One of the known names in the world of technology, Yahoo, has claimed their systems were breached by an unknown party that attained Yahoo’s code, resulting in the hacker(s) counterfeiting cookies to gain access to more than thirty million Yahoo accounts without the need of passwords.

“Based on its investigation, the Independent Committee concluded that the Company’s information security team had contemporaneous knowledge of the 2014 compromise of user accounts,” says the United States Securities & Exchange Commission in their report. “As well as incidents by the same attacker involving cookie forging in 2015 and 2016.”

Many security experts believe the forged cookies that are currently being used may have been hacked as early as 2015.

Image Source: Google Image – Yahoo’s headquarters in Sunnyvale, California, United States of America.

Yahoo disclosed its findings in a report it jointly created with the United States Securities & Exchange Commission, and further stated that the hack involved state-sponsored actors.

“As those who follow Yahoo know, in late 2014, we were the victim of a state-sponsored attack and reported it to law enforcement as well as to the 26 users that we understood were impacted,” says Marissa Mayer through her Tumblr account. “When I learned in September 2016 that a large number of our user database files had been stolen, I worked with the team to disclose the incident to users, regulators, and government agencies.”

Image Source: Google Image – Michael Arrington and Marissa Mayer at Tech Crunch Disrupt.

The purple tech giant warned customers during the start of this year, informing them of the hackers accessing their accounts using hacked codes.

Furthermore, the company’s previous hacks are related to the current problems with the state-sponsored actor(s) now.
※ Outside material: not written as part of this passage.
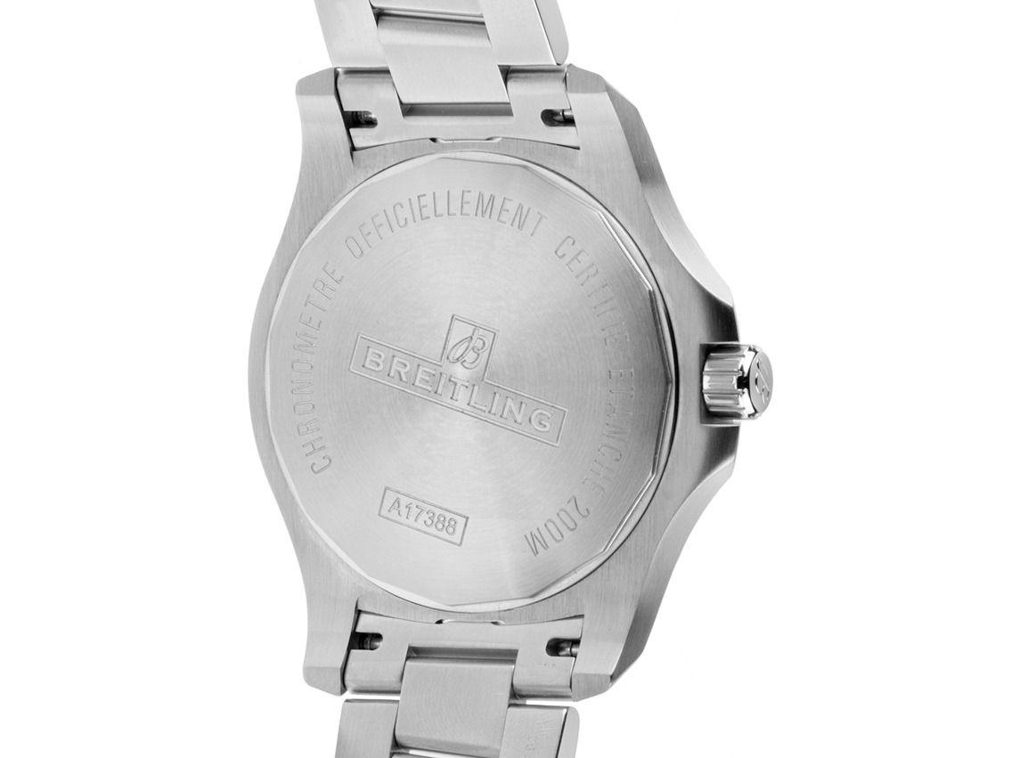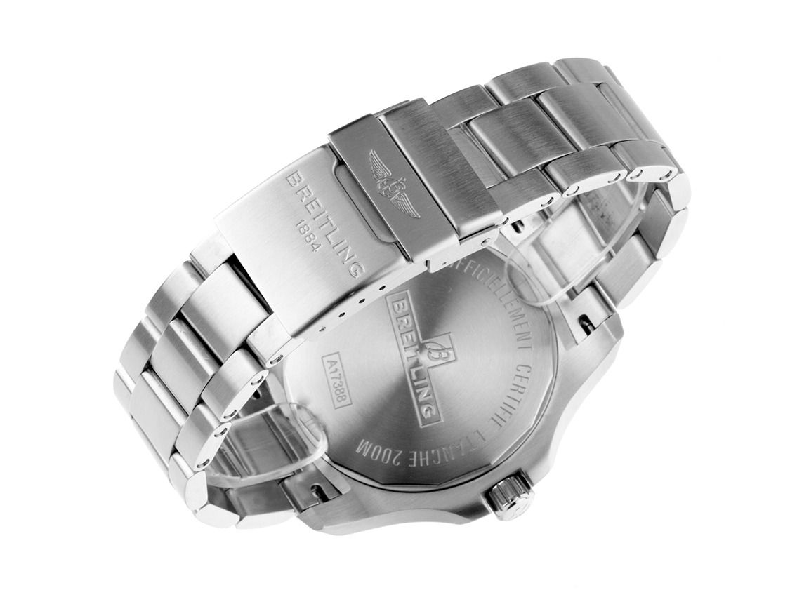 Gehäuse aus satiniertem Edelstahl, Gehäusedurchmesser ohne Krone 44mm, Gehäusehöhe 11,5mm. Lünette aus satiniertem Edelstahl mit 60-Minuten-Skala und Leuchtpunkt, einseitig drehbar. Armband aus satiniertem Edelstahl, Sicherheitsfaltschließe aus Edelstahl mit Hersteller-Logo. Zifferblatt schwarz mit aufgesetzten Edelstahl-Indizes und Edelstahlzeigern. Uhrwerk Automatik, Chronometer mit Zeugnis, Manufakturkaliber Breitling 17 mit 26 Edelsteinen. Anzeige von Stunde, Minute und Sekunde über Zeiger aus der Mitte mit Sekundenstopp zur sekundengenauen Einstellung der Uhrzeit, Datumsanzeige mit Schnellverstellung bei 3 Uhr. Saphirglas kratzfest. Krone verschraubbar mit Flankenschutz und Hersteller-Logo. Boden aus Edelstahl, verschraubt und graviert. Gewicht der Uhr inklusive Armband 176g, Länge des Armbandes inklusive Gehäuse 170mm. Referenznummer: A17388101B1A1, Gehäusenummer: 7016XXX, ID: P284532000426HW-4700, Artikelnummer: 10000085519. Mit Gangkontrolle und kompletter äußerlicher Aufarbeitung von April 2026. Original Breitling Box mit Umkarton und Garantieunterlagen von Dezember 2018 sowie Beschreibung und Watchregister-Auszug von April 2026, The Watch Register Zertifikat / ohne Eintrag (Internationale Datenbank für verlorene oder gestohlene Uhren), Full Set. Fast nicht getragen. Wie neu. Lieferzeit sofort.

Yahoo also stated that in earlier reports published in 2014, senior members of the company failed to act on preventing further damage.

Image Source: Google Image – United States Securities and Exchange Commission headquarters in the American capital near Union Station.

“I am the CEO of the company and since this incident happened during my tenure,” said the CEO and President of Yahoo, “I have agreed to forgo my annual bonus and my annual equity grant this year and have expressed my desire that my bonus is redistributed to our company’s hardworking employees, who contributed so much to Yahoo’s success in 2016.”

As a result, many high profile employees such as Marissa Mayer and others won’t receive their yearly bonuses, while other members of the company have resigned.

“Committee found that failures in communication, management, inquiry and internal reporting contributed to the lack of proper comprehension and handling of the 2014 Security Incident,” highlights the report from the United States Securities & Exchange Commission. “The Independent Committee also found that the Audit and Finance Committee and the full Board were not adequately informed of the full severity, risks, and potential impacts of the 2014 Security Incident and related matters.”